The honour frightened him, but delighted those who worshipped in his grimy little church with its anti-Papal graffiti on the outside walls. “Patrick Doyle’s boy going to join the Vicar of Christ. Now there’s a thing.” Their delight was heightened by the fact that he would take with him the sins to which they had confessed — he was much preferred in the Confessional to the Bible-faced Father O’Riley — those sins, that is, that had escaped the wrath of Patrolman Patrick Doyle.
Liam Doyle’s fear had been well justified. He could not equate the splendid isolation of The Holy See with Christian charity. When he explored its treasure troves he remembered the pawn shop across the street from his old church where women hocked their wedding rings for a dollar.
Nor could he understand the arrogance of some of the monsignori in a world addled with poverty, starvation and suffering. Blessed are the meek …
And he never felt at ease in this state within a city. These blessed one hundred and nine or so neutral acres bounded by St. Peter’s Square, The Vatican walls and the walls of the Palace of The Holy See, constituted by the Lateran Treaty in 1929, where less than one thousand people lived tax-free lives of privilege.
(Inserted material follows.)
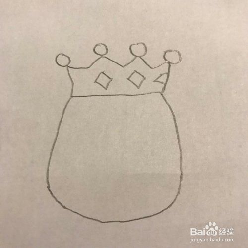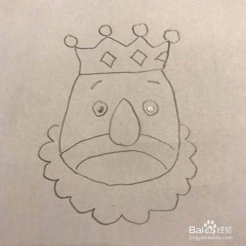 在王冠的下方画上国王圆圆的脸庞,见下图

Was this the way Jesus, the son of a humble carpenter, would have wished it?
But perhaps the fault lies in myself, Father Doyle brooded as the dusk thickened and settled on the courtyards, chapels and museum; on the grocery, pharmacy and radio station of the minute state from which the spiritual lives of three hundred and seventy-five million Catholics were ruled. There has to be authority and it has to be garbed with spendour: it is a throne. And there has to be immunity from outside pressures: a regal purity, perhaps.
Liam Doyle sighed. My trouble, he decided, as a plump cardinal strode past in the lamplight beneath like a galleon in full sail, is that I see every side of an argument. I lack decision.
He decided to brew a pot of tea on the gas-ring beneath a Crucifix on the wall. And while he waited for the kettle to boil he read the worn Bible that his mother had given him twenty years ago, seeking as always answers to his confusion. From the testaments he found solace, but it was only temporary, and when he awoke in the morning the doubts were still there, fortified by sleep.
The war had not helped Liam’s state of mind. It wasn’t merely the mindless slaughter vented on the world by an insane dictator: it was the effect of the war on The Vatican. It seethed with rumour. It was haunted with fear that the Germans would occupy it — they wouldn’t be the first to sack Holy Rome — and there was even a story that Hitler planned to kidnap the Pope.
But it was the politics of the place that particularly unsettled Liam. The uneasy suspicion-that the Papal diplomats were more concerned with stemming the tide of Communism than with condemning Nazi Germany. But how could you condemn a nation that was locked in battle with Bolshevism, the greatest threat to Christianity the world had ever known?